Participants. 32 enfants de 5 ans (moyenne d’âge 5 ans et 5 mois), 32 enfants de 7 ans (moyenne d’âge 7 ans et 6 mois) et 32 enfants de 9 ans (moyenne d’âge 9 ans et 8 mois) ont participé à cette étude. Les enfants ont été répartis aléatoirement dans deux groupes expérimentaux, l’un étant soumis à une tâche de rappel ciblé et l’autre à une tâche de rappel sériel immédiat. Matériel et procédure. Dix mots monosyllabiques et dix mots trisyllabiques ont été sélectionnés à partir de la norme d’Alario et Ferrand (1999) sur la base de leur âge d’acquisition. Ces mots étaient concrets et ont été acquis avant l’âge de six ans. Ils relevaient de catégories sémantiques variées. Les mots monosyllabiques étaient les suivants : boîte, bol, chat, clé, fleur, lune, pelle, pied, pomme, robe. Les mots trisyllabiques étaient les suivants : balançoire, cacahuète, champignon, cheminée, écureuil, escargot, pantalon, parapluie, robinet, téléphone. À cinq ans, sept listes ont été générées pour chaque longueur de mots : trois listes comportant trois mots (listes courtes) et quatre listes de quatre mots (listes longues). À sept et neuf ans, neuf listes ont été élaborées pour chaque longueur de mots : quatre listes de quatre mots (listes courtes) et cinq listes de cinq mots (listes longues). Des listes de longueur différente ont été utilisées pour éviter un effet plafond ou plancher au niveau des performances de rappel des enfants.

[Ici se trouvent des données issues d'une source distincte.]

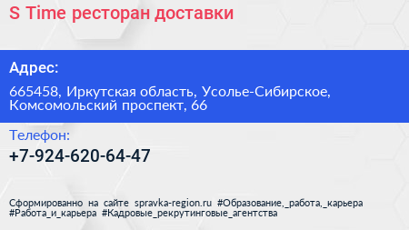 S-Time, ресторан доставки по адресу 665458, Иркутская область, Усолье-Сибирское, Комсомольский проспект, 66 в дальнейшем Организация, размещена в следующих категориях:
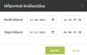A felugró ablakban kiválaszthatod, mettől meddig legyen érvényes az adott hozzáférés, majd kattints a <Mentés> gombra.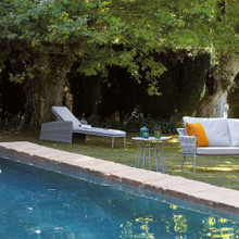 Like all of Sifas' upholstered furniture, the Basket adjustable chaise lounge has a long-lasting foam cushion wrapped in UV-resistant Sunbrella® fabric. The high-quality synthetic textile comes in white or grey chine and will look great for many seasons under the sun. Pair this lounger with a new patio umbrella or one of the chic Basket side tables to create an indulgent oasis of relaxation.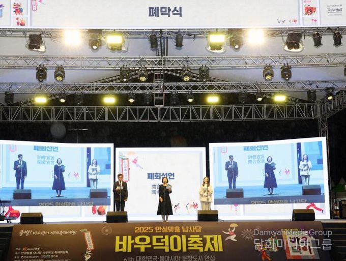 12일 열린 폐막식은 김보라 시장의 폐회선언과 함께 밴드날다의 에너지 넘치는 공연, 안성시 홍보대사 안성훈의 특별 무대로 열기를 더했다. 이어 드론이 빚어낸 화려한 빛의 향연이 하늘을 수놓으며 관람객들의 박수와 환호 속에 감동적인 피날레를 장식했다.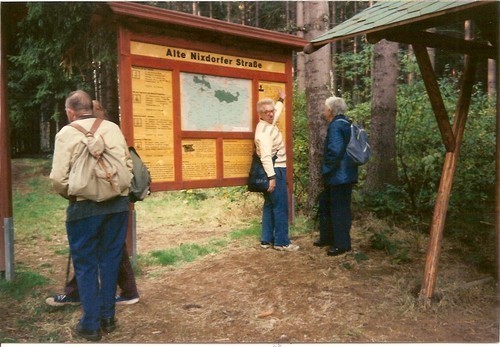 Hranice jsme překročili v Doubicích okolo německého patníku.Tehdy jsme šli po červené značce, nevím jak je to značeno dnes.Šli jsme dost úzkou stezkou,která nás zavedla přímo k Obere Schleuse.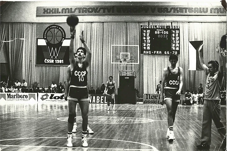 30 мая 1981. Гавиржов. Последние секунды матча Югославия – СССР. Сейчас лучший, по мнению журналистов, игрок чемпионата Европы Валдис Валтерс реализует оба штрафных броска, и счет станет 88:108. № 4 – Станислав Еремин, № 6 – Сергей Тараканов, по итогам чемпионата Европы получивший приз «Лучший по реализации штрафных бросков»

Les enfants étaient soumis soit à une tâche de rappel ciblé, soit à une tâche de rappel sériel immédiat. Dans la tâche de rappel ciblé, une première liste de mots était énoncée à l’enfant à raison d’un mot par seconde. Dès que le dernier mot était prononcé, l’expérimentateur énonçait à nouveau un des mots de la liste. La tâche de l’enfant consistait alors à rappeler oralement le mot qui avait été énoncé juste après. Dans la tâche de rappel sériel, l’enfant était amené à restituer oralement tous les mots présentés dans l’ordre.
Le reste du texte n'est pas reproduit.